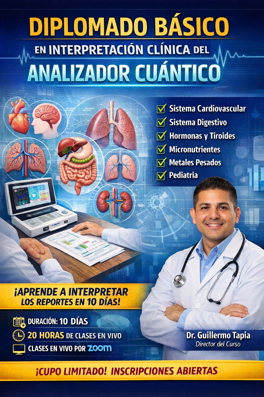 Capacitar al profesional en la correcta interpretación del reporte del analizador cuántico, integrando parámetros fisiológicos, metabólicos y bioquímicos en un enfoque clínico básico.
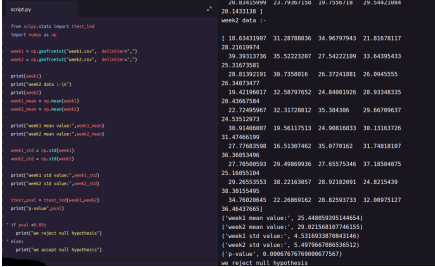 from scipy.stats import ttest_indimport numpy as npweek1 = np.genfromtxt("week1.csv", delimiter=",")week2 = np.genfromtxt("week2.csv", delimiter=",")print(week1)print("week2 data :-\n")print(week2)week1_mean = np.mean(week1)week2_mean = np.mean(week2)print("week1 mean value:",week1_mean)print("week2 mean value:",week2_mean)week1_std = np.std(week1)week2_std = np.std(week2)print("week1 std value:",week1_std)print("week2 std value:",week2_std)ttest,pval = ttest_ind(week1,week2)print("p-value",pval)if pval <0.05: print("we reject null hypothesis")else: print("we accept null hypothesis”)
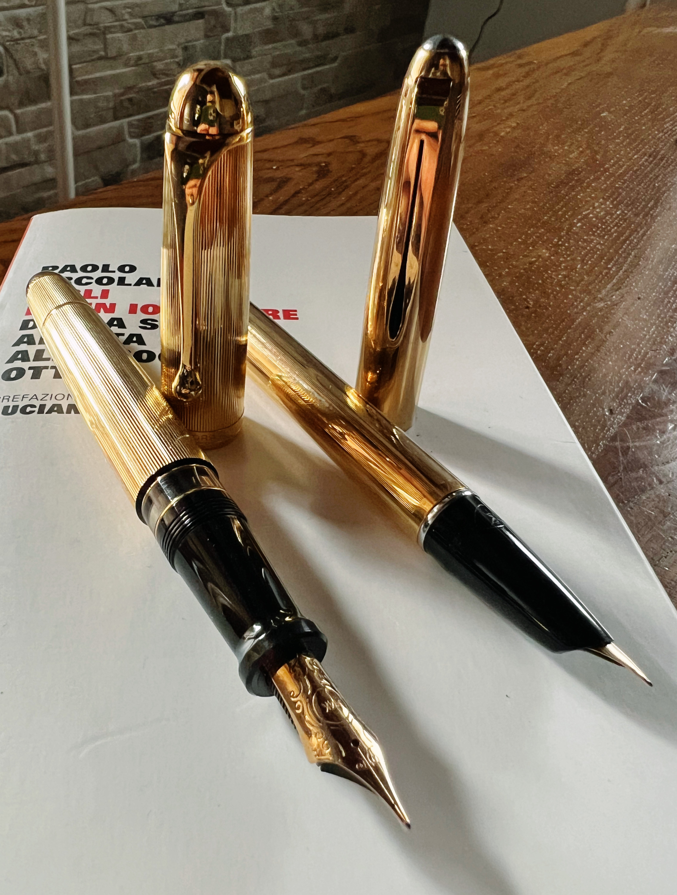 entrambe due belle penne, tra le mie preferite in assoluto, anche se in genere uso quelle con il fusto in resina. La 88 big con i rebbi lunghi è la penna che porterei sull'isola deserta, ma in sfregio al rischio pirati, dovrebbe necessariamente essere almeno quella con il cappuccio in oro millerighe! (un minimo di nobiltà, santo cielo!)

#### DIRECTIONS FOR THIS TASK
Give back the data exactly, with no images.

#### EXERCISE RESULT
 Capacitar al profesional en la correcta interpretación del reporte del analizador cuántico, integrando parámetros fisiológicos, metabólicos y bioquímicos en un enfoque clínico básico.
 from scipy.stats import ttest_indimport numpy as npweek1 = np.genfromtxt("week1.csv", delimiter=",")week2 = np.genfromtxt("week2.csv", delimiter=",")print(week1)print("week2 data :-\n")print(week2)week1_mean = np.mean(week1)week2_mean = np.mean(week2)print("week1 mean value:",week1_mean)print("week2 mean value:",week2_mean)week1_std = np.std(week1)week2_std = np.std(week2)print("week1 std value:",week1_std)print("week2 std value:",week2_std)ttest,pval = ttest_ind(week1,week2)print("p-value",pval)if pval <0.05: print("we reject null hypothesis")else: print("we accept null hypothesis”)
 entrambe due belle penne, tra le mie preferite in assoluto, anche se in genere uso quelle con il fusto in resina. La 88 big con i rebbi lunghi è la penna che porterei sull'isola deserta, ma in sfregio al rischio pirati, dovrebbe necessariamente essere almeno quella con il cappuccio in oro millerighe! (un minimo di nobiltà, santo cielo!)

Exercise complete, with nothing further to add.